In a pediatrician's office, a mother is in despair: she went to around ten pharmacies to find, in vain, the antibiotic prescribed five days earlier to treat her baby's ear infection. The doctor decides to prescribe another one, with a broader spectrum of action, even if it means ultimately promoting the resistance of the bacteria. This situation, filmed by journalist Julie Lotz last March, has become commonplace: last winter, nearly 5,000 references for medicines, often essential, were missing, five times more than in 2018.
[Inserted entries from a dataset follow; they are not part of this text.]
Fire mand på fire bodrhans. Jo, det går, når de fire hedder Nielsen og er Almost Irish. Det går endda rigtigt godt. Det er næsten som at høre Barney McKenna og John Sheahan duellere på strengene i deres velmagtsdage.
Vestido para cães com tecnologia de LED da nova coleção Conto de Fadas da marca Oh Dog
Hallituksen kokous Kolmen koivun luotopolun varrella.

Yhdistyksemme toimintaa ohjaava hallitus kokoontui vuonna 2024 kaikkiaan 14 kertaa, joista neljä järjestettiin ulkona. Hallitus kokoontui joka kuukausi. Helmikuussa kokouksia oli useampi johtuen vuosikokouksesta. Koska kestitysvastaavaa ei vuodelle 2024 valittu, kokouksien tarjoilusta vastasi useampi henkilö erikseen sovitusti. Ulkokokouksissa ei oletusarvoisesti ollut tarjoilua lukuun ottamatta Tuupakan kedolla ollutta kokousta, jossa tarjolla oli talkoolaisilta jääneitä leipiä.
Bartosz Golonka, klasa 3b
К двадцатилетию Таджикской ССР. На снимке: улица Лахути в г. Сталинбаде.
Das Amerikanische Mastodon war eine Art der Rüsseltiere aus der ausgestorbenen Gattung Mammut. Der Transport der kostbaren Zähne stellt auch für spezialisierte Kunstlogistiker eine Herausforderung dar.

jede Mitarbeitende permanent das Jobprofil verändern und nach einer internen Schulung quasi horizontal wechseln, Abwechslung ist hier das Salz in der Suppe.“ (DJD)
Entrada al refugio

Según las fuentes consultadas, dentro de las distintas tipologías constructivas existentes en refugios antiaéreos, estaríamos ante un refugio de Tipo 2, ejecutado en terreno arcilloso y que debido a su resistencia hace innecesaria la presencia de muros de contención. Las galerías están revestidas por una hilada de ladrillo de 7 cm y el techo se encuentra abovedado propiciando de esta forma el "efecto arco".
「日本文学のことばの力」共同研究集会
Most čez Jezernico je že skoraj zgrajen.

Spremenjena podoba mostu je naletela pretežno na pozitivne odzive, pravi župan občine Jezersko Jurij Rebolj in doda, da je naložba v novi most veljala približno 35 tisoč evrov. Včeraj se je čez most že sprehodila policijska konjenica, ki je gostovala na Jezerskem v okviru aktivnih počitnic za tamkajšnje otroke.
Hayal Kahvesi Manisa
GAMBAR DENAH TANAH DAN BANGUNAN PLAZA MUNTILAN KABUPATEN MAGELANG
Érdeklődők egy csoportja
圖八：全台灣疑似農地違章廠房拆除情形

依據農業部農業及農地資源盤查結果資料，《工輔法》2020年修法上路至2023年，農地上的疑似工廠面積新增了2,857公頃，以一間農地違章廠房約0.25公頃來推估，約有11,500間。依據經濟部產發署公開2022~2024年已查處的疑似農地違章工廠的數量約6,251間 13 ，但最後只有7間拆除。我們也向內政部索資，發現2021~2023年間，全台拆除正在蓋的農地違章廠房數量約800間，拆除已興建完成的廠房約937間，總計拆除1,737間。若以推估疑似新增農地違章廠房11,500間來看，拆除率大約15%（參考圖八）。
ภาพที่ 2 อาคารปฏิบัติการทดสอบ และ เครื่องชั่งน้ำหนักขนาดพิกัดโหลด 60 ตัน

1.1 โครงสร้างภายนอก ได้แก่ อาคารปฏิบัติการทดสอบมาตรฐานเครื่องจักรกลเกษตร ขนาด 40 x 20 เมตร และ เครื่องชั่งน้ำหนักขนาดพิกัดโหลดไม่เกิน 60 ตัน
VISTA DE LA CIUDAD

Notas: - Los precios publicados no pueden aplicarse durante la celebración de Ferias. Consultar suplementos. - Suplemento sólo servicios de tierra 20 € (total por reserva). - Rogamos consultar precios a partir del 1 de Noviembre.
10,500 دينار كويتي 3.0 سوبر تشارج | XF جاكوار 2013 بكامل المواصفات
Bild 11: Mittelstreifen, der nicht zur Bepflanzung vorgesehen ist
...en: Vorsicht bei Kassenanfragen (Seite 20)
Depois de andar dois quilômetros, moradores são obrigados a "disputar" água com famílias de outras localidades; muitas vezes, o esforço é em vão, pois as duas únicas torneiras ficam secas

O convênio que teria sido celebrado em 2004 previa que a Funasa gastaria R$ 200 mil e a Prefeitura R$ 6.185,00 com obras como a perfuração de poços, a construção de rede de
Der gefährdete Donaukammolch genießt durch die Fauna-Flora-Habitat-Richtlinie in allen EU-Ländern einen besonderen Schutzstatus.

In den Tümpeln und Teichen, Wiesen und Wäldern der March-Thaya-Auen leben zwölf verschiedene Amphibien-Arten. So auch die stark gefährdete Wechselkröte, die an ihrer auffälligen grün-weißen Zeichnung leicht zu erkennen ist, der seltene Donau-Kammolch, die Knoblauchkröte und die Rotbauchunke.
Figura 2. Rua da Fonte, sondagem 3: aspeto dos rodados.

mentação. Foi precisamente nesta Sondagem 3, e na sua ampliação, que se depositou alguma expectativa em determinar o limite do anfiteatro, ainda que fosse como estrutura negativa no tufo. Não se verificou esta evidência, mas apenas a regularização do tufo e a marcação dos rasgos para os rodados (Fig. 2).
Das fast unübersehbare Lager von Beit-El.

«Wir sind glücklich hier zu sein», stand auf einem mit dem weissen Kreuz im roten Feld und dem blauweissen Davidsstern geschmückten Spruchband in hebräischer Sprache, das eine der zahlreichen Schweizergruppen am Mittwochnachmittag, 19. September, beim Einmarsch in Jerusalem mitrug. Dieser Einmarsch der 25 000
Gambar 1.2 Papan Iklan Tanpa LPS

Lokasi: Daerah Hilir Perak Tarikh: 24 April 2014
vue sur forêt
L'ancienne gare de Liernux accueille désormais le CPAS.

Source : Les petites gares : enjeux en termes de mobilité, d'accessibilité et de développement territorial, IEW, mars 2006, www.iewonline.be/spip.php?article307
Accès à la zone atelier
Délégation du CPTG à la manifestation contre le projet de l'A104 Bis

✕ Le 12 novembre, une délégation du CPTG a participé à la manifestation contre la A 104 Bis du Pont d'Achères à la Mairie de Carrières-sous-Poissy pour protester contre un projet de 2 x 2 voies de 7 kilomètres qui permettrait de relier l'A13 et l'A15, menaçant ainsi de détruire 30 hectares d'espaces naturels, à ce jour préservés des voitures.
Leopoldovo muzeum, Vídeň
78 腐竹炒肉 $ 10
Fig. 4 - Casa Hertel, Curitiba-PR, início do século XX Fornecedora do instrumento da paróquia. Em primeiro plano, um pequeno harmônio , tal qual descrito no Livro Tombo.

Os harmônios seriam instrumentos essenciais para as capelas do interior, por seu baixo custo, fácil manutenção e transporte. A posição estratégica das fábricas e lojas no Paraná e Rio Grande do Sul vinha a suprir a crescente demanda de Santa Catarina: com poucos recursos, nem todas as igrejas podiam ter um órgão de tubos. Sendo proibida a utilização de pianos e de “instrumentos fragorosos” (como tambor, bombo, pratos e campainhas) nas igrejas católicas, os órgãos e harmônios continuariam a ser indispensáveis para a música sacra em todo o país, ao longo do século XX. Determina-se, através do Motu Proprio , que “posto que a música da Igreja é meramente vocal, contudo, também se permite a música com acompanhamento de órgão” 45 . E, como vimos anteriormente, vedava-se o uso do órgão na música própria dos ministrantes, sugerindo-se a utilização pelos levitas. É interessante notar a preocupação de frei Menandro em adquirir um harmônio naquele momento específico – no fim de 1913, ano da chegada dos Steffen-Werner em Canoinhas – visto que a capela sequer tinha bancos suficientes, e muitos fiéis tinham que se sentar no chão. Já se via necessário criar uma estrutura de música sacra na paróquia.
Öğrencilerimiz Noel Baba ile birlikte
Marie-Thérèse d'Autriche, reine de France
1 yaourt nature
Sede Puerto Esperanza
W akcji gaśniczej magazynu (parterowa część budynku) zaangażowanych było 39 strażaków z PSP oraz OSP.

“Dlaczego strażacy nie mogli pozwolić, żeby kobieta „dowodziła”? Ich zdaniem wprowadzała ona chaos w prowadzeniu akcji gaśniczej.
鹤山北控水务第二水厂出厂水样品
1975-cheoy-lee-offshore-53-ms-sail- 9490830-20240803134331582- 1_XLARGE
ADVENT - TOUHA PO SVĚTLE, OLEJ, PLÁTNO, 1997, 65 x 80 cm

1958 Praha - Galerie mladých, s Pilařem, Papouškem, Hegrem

How to explain this shortage? The magazine “Cash Investigation” is conducting the investigation using the example of amoxicillin, a common antibiotic. Relaying the discourse held by manufacturers for fifty years, pharmacists first blame the prices of medicines in France: they are much lower than in other European countries and laboratories sell their stock to the highest bidder. An argument swept aside by an economist, then by the former Minister of Health Agnès Buzyn.
Waste and economic interests
According to the latter, the global problem comes rather from the lack of anticipation of manufacturers in the face of the demographic explosion and the exponential rise in demand. Moving a little quickly on the relocation strategy carried out by the State to strengthen France's health sovereignty, Julie Lotz points out the inability of the authorities to regulate a just-in-time market and to avoid the overstocking of certain large pharmacies, which contributes to aggravate the phenomenon.
A ludicrous sequence, shot in a French factory, also denounces the waste of thousands of boxes of medicine due to minor packaging defects. The program ends with a spotlight on the struggle of patients with cystic fibrosis, both French and South African, to access treatments, sold at high prices by an American laboratory. Here again, economic interests take precedence, alas! on patient health.